The healing power of art

By Jessica Schurmann

A&E Editor

It is difficult not to stop and gaze in awe the first time you step inside Viterbo’s new Nursing Center. One year ago all that stood in its place was a skeletal structure filled with machines and construction workers. It is astounding to see the finished product, and walk the floors of a building that has been the dream of many for years.

Lumen sat down with Gary Klein, vice president for Institutional Ad­vancement to talk about the artwork displayed in the Nursing Center. Klein served on the artwork com­mittee, which consisted of 11 cur­rent faculty, staff and alumni. The committee was in charge of com­missioning local artists and choos­ing the artwork that would be pur­chased and given a home in the new building.

For the first time in Viterbo his­tory, a generous donation by bene­factor Dick Record and his family has made it possible for money and planning to be used in purchasing artwork for the Nursing Center. Careful consideration went into each piece that was chosen, and many of the works have strong con­nections to Viterbo’s history and nursing values.

One of the most profound pieces of art is a glass mosaic entitled Se­renity. Made up of six panels, the mosaic measures five feet high by thirteen feet wide, and includes various scenes of nature. Serenity was commissioned for and built by artist Barbara Keith of Lanesboro, Minn. She chose nature as her theme because of the kind and caring “na­ture” of the nursing students. Keith also used seasons to represent the different stages in life. Serenity is lo­cated on the first floor in the main lobby.

Outside the lobby area there is a unique healing garden between the Nursing Center and Fine Arts Cen­ter. Within the garden lies a Laby­rinth, which is an ancient walking meditation tool used for deepening one’s spiritual life and life journey. Anyone is welcome to take a mo­ment to relax ones mind and follow the winding trail in the garden. Also in the healing garden is a sculpture, made by artist Elmer Peterson, that features a woman holding a bird, and symbolizes the caring nature Viterbo values in its nursing stu­dents.

Another unique body of work that is displayed in the Nursing Center is a group of three paintings, entitled Sister Trees. The artist, Kate Bausch, has three sisters who are Viterbo alumni. Each tree painting symbol­izes one of her sisters, and the strong ties they have to the university.
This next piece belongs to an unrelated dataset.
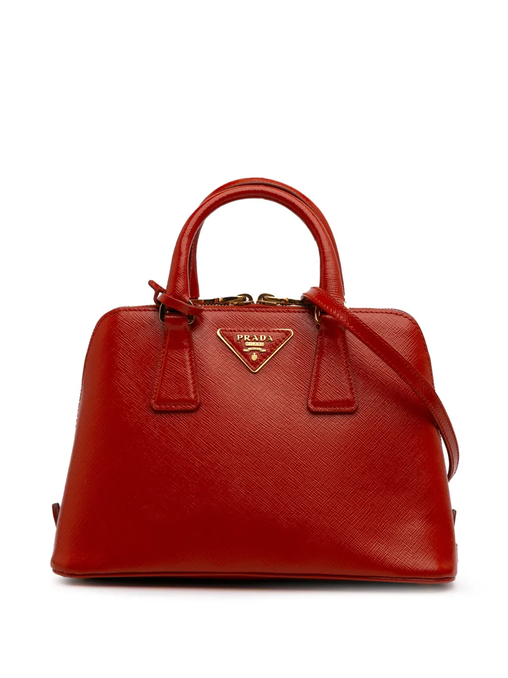 The Promenade features a patent saffiano leather body, rolled leather handles, a detachable flat leather strap, a top zip closure, an interior zip compartment, and interior zip and slip pockets. Red. Inclusions: shoulder strap, charm. Condition: GOOD. This previously owned and used item is in good condition with minimal signs of use. This may include fading of material or plating and scratches. Please refer to the photos on this product page for a detailed view of the item, including any damages declared.

When walking through the Nurs­ing Center, you will also notice many photography pieces by The­resa Smerud. She served on the art committee, and was responsible for touching up old nursing photo­graphs that can be found through­out the building as labels for lecture halls and classrooms. A great num­ber of Smerud’s photographs are located on each floor, with scenes of human interaction, emotion and everyday life.

Acrylic artist Anders Shafer also provided significant artwork to the Nursing Center. The first floor lob­by hosts his series on the history of nursing. Each painting shows im­ages from history, from St. Francis’ journey to the current Viterbo stu­dents. Upstairs on the third floor, Shafer also has a series of paintings depicting the Viterbo nursing val­ues. The acrylic paintings include images from campus with one of the values represented in the center of each one.

Sr. Karen Kappell, FSPA, created a series of paintings located on the second floor, called Chakra paint­ings. These bold colored paintings relate to the different feelings and emotions humans experience from color.

Glass paintings, paper art, prints, and collages also enhance the Nurs­ing Center halls. Other artists who created the commissioned art piec­es include Isabel Babuzza, Diane French, and Pietra Wall. Some of the artwork is commercial art, pur­chased to accompany the commis­sioned work, and a few pieces are from Italy, retrieved by Viterbo staff and faculty on their journeys over­seas.

“The artwork gives the building heart and soul,” Klein told Lumen. “We’ve received countless compli­ments from benefactors who have toured the building.”

The new Nursing Center is a very remarkable architectural structure, both on the outside and inside. Each floor brings a unique quality of Vit­erbo’s personality and values to life with beautiful artwork. It is evident that careful planning and consider­ation went into every detail of the Nursing Center. It will be enjoyed not only during its first exciting year, but for many years to come.